Facebook, Twitter, and other major Silicon Valley platforms have used similar explanations in the past after reports they improperly suppressed content.
Instagram Says Sorry After Hitting A Satire Site
Instagram reinstated a censored post from Babylon Bee founder Adam Ford in April 2019 after he noticed one of his pro-life comic strips was deleted. The comic, which was removed for “hate speech,” sought to show how similar some arguments used to defend abortion are to some used to defend slavery in the U.S.
“This image was removed in error and will be reinstated shortly,” Instagram told TheDCNF in a brief statement in April of that year.
“There is no way any human being could believe my comic is promoting slavery, since the two women talking are clearly identified as living 200 years ago, and the woman on the right is clearly the ‘bad guy,’” Ford, who no longer owns Babylon Bee, wrote in a statement to the DCNF at the time. “Does Instagram consider it ‘hate speech’ to contend for the humanity and personhood of the unborn?”
Facebook Targets Pro-Life Video, Anti-Obama Content In “Error”
Facebook temporarily marked a video about an abortion survivor as spam in February on the same week an Instagram fact-checker rated a post about babies with Down Syndrome as “false.”
Life Training Institute’s pro-life speaker Seth Gruber had recorded an interview with abortion survivor Melissa Ohden in January, and then published and released the video the following morning on audio podcast platforms before sharing the YouTube link to his Facebook account, the DCNF reported in February. “I was flagged by Facebook on that post,” Gruber said.

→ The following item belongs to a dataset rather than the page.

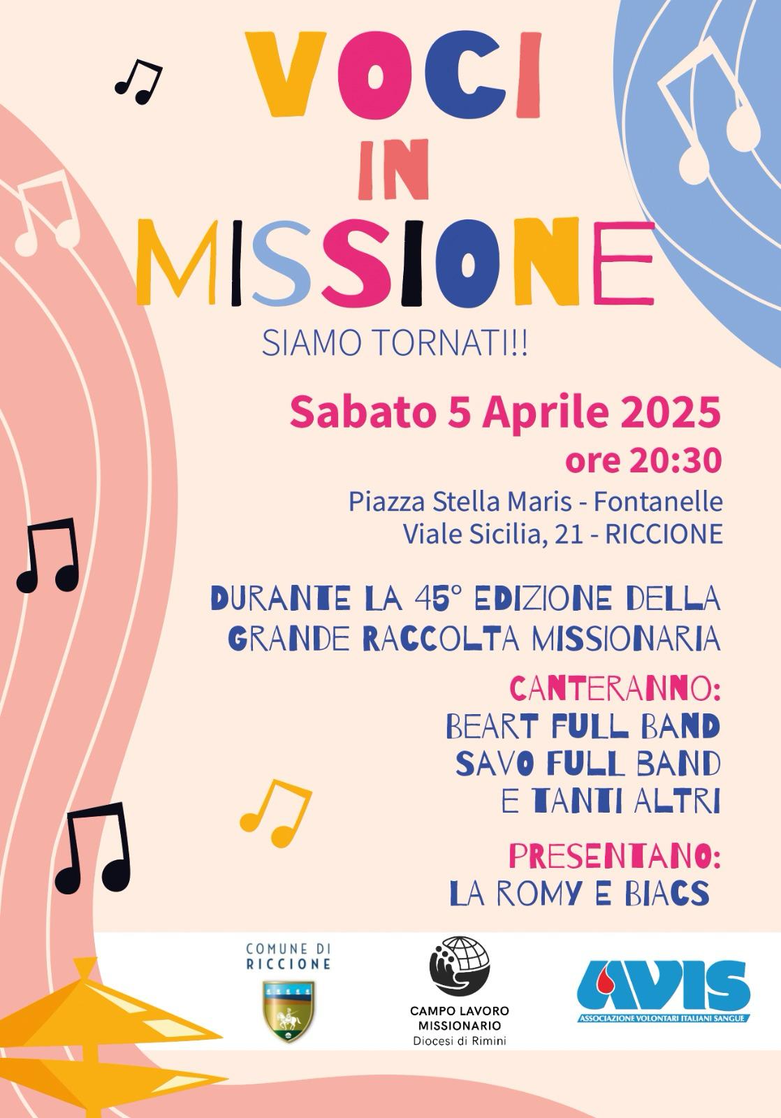 Per festeggiare la comunità e ritrovarsi in un momento conviviale, anche quest’anno il cuore dell’iniziativa sarà rappresentato dalla seconda edizione di "Voci in Missione", una serata musicale che si svolgerà sabato 5 aprile alle ore 20.30 in piazza Stella Maris. Quest’anno, il concerto si arricchisce della collaborazione con Avis Riccione, sottolineando l’importanza della donazione del sangue e il ruolo fondamentale che ogni cittadino può avere nella creazione di un legame di solidarietà. Sarà un momento di incontro, dove i volontari del Campo Lavoro Missionario e la città si ritroveranno per condividere emozioni, allegria e impegno sociale.

Facebook told Gruber that his post “goes against our Community Standards on spam” and let him know that “no one else can see your post. We have these standards to help prevent people from misleading others. We may restrict your account if you violate our standards again.”
Facebook later backtracked.
“The video was incorrectly removed by our automated spam systems but has now been restored,” a Facebook spokeswoman told the DCNF at the time.
The Silicon Valley giant made a similar mistake several years earlier after a conservative accused Facebook of censoring a post he published criticizing former President Barack Obama’s foreign policy.
The Washington Post’s Erik Wemple Blog reported in 2012 that a man the paper identified only as “Ward” created a provocative meme lashing out at Obama for supposedly not providing proper military support to U.S. officials who died during the Benghazi attack.
Ward’s meme read: “Obama called the SEALs and THEY got bin Laden. When the SEALs called Obama, THEY GOT DENIED.”
Facebook sent Ward a warning about the meme, telling him to take it down. He didn’t comply, so the company removed the image before explaining that the meme violated Facebook’s Statement of Rights and Responsibilities. The company later reversed course, according to the Erik Wemple Blog.
“This was an error and we apologize for any inconvenience it may have caused. They can feel free to repost the image,” a Facebook representative told the Erik Wemple Blog at the time.
Twitter Hits Commentator Candace Owens, Other Conservatives
Twitter often temporarily suspends accounts that have published content that goes against the company’s content policy.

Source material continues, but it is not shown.